Getting to the Speed Limit
Many times when first engaging Autopilot, I noticed that the car would suddenly slow down. This behavior gave me a pretty bad first impression of the system and had me confused. After experimenting with it a bit, I realized that the sudden slowdown was because one of the roads that I regularly traveled on had an incorrect speed limit in Tesla’s maps.
This specific road had 55 mph posted speed limit, but Tesla’s maps showed 35 mph. So, as I engaged Autopilot, it suddenly slowed down to 40 mph because Tesla only allows up to 5 mph higher than the speed limit that it thinks is. Now, it also showed a warning that should have made this clear, but because of the sudden slowdown, I was distracted enough by the experience that I never connected the two.
I have noticed this same behavior in other cases where I am intentionally going slightly above the speed limit and engage Autopilot only to realize after it’s too late that the car will slow down suddenly!
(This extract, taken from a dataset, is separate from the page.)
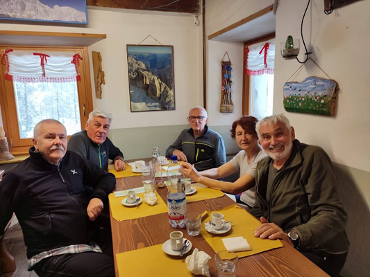 L'accoglienza e il pranzo sono squisiti. Inutile dire che, quando “lasceranno” Marina ed Enrico ad aprile, la montagna ossolana sarà un po' più povera. Sempre sotto un po' di neve e pioggia ripercorriamo il sentiero F06 e, dopo due ore e un quarto, arriviamo alle auto. Oggi ce la siamo già goduta abbastanza e non c'è tempo per il solito drink.

I feel that a better behavior would be a somewhat slower speed reduction.
Merging or Expanding Lanes
One of the other behavior that needs improvement is when Autopilot is engaged, and a lane merges or a new one is added. In both these cases, the car hesitates as it tries to decide the right behavior. For instance, going from two to one lane, there is a time when the lane that the car is traveling in gets wider as the other lane is merged.
In this case, the car will either go towards the right edge of the lane or try to center in the new temporarily-wide lane. The car ends up in the right place by the time the lanes have fully merged, but the danger is the confusion that it can cause for any cars behind you.
In the case where a new lane is added, it’s a hit or miss if the car will continue going in the correct lane. The car will hesitate for a bit before concluding which lane it will follow. Again, this hesitation will likely confuse any cars behind you.
And then there are all the Tesla accident videos. Yes, some of these are old, and software and hardware updates might have already addressed these situations, but they are still worth noting.
- Tesla driver mows down 11 construction cones on video and blames Autopilot
- Tesla Autopilot crash caught on dashcam shows how not to use the system
- Video shows Tesla autopilot failing at site of fatal March crash
- Tesla Model X Autopilot Crash
Yes, Autopilot has its flaws. I realize that Tesla crashes get a lot of attention because it’s relatively new. The numbers show that there are a lot more accidents without these features compared to the number of collisions caused by them. If nothing else, Tesla’s push is causing other manufacturers to invest a lot more in safety and convenience features like these than they would ever have by now. This, in turn, will result in these features being added to more cars and maturing a lot sooner.